** INPUT FOR THIS TASK follows **

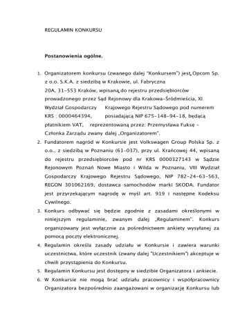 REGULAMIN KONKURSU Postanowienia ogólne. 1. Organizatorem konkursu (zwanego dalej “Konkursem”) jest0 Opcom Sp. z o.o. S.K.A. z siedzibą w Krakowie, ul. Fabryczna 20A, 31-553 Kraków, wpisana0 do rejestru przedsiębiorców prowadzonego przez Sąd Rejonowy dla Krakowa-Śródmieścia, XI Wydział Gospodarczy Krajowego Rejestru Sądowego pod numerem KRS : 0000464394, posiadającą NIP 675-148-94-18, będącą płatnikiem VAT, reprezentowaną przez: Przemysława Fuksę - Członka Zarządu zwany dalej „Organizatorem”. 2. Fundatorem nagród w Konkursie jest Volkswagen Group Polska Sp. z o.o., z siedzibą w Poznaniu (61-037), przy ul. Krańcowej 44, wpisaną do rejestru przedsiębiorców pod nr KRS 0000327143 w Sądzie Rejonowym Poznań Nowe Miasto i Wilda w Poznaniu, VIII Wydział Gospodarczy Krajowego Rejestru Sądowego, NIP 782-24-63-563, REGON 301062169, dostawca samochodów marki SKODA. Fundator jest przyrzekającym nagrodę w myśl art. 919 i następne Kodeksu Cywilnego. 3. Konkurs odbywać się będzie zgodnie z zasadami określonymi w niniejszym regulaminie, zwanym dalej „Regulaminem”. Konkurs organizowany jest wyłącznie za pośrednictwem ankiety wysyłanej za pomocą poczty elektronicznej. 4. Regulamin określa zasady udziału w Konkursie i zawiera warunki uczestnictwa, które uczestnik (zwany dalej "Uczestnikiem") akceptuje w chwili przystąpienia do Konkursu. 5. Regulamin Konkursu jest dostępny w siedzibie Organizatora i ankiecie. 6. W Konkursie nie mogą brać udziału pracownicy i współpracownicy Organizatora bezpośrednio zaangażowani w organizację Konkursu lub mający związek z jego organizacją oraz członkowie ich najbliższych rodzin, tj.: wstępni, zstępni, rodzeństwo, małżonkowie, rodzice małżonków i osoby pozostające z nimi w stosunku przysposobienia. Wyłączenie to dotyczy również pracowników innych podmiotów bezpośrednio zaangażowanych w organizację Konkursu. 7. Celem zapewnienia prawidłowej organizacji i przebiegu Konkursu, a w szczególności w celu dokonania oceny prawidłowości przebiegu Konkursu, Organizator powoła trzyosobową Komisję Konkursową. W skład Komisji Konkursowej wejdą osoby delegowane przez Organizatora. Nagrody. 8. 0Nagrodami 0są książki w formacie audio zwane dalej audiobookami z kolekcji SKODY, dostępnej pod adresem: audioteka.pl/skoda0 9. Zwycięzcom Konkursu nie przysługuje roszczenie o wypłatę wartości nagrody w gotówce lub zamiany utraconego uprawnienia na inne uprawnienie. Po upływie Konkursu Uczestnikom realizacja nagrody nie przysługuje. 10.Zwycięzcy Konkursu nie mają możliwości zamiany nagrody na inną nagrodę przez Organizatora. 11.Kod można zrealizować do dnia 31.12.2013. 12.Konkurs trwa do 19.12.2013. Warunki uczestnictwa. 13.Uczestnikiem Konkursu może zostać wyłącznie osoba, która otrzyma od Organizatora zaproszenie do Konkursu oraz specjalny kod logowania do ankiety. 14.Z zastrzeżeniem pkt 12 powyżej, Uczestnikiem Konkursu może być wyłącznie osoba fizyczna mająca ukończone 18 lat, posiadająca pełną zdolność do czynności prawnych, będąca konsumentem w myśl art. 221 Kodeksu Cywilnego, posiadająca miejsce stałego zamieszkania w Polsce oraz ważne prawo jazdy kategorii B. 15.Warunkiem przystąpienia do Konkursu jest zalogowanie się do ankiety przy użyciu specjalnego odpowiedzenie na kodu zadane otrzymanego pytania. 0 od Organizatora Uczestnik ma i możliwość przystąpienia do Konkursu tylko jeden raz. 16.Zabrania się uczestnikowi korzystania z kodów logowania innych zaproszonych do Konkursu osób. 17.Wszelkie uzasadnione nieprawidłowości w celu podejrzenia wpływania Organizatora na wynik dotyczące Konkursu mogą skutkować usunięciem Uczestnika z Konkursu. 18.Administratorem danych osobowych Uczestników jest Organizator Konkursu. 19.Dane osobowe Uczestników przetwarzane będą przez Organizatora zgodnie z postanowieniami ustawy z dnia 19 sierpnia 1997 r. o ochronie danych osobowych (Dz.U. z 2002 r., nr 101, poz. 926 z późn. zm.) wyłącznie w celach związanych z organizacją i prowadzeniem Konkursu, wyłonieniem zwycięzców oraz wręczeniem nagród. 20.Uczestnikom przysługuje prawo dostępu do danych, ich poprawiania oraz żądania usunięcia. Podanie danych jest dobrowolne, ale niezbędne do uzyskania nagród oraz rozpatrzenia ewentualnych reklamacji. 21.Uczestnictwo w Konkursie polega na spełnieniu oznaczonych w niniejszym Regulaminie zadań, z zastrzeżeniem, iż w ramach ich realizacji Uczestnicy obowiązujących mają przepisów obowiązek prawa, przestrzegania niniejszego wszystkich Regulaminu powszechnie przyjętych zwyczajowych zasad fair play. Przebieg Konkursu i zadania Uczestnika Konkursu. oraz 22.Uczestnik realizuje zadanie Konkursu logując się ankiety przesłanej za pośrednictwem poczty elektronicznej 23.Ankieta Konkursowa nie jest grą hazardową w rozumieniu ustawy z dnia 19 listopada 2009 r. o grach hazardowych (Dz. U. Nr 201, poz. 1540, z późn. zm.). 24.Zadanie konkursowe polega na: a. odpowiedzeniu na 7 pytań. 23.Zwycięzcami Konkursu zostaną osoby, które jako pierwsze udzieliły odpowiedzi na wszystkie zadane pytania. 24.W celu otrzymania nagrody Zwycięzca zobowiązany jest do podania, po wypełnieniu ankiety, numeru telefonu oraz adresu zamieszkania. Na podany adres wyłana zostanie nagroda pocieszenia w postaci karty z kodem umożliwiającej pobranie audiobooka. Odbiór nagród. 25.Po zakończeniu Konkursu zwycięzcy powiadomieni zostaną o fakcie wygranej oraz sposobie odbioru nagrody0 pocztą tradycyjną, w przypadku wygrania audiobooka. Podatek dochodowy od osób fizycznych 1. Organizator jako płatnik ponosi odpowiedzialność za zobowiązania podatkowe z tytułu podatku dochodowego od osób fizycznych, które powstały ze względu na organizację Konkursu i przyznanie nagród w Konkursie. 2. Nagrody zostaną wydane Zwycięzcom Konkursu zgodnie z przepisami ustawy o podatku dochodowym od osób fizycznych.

** End of INPUT FOR THIS TASK **
** INPUT FOR THIS TASK follows **

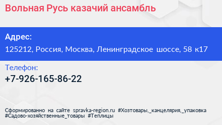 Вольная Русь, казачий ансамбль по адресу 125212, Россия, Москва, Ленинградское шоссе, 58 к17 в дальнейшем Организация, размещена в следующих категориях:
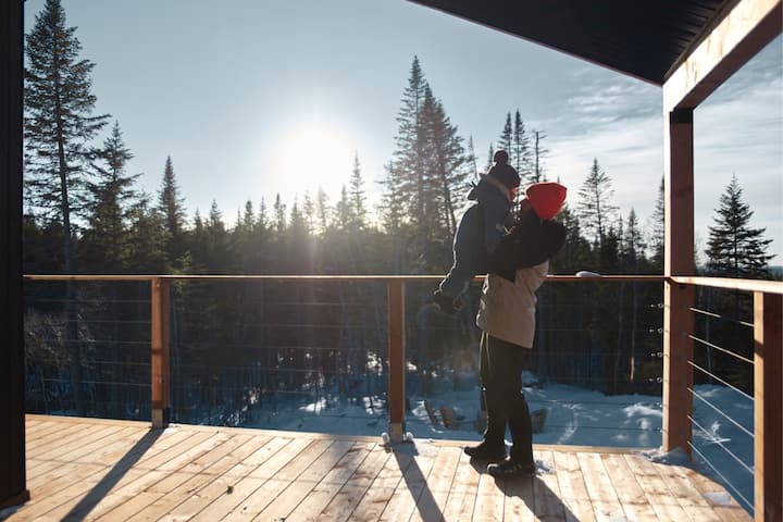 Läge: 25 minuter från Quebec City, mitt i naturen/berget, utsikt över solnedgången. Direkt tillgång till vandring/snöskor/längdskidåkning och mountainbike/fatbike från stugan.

** End of INPUT FOR THIS TASK **

=== WHAT YOU SHOULD DO ===
Copy the lines above between the one holding "Вольная Русь, казачий" and the one holding "Läge: 25 minuter", inclusive. Drop the pictures.

=== FINISHED EXERCISE ===
 Вольная Русь, казачий ансамбль по адресу 125212, Россия, Москва, Ленинградское шоссе, 58 к17 в дальнейшем Организация, размещена в следующих категориях:
 Läge: 25 minuter från Quebec City, mitt i naturen/berget, utsikt över solnedgången. Direkt tillgång till vandring/snöskor/längdskidåkning och mountainbike/fatbike från stugan.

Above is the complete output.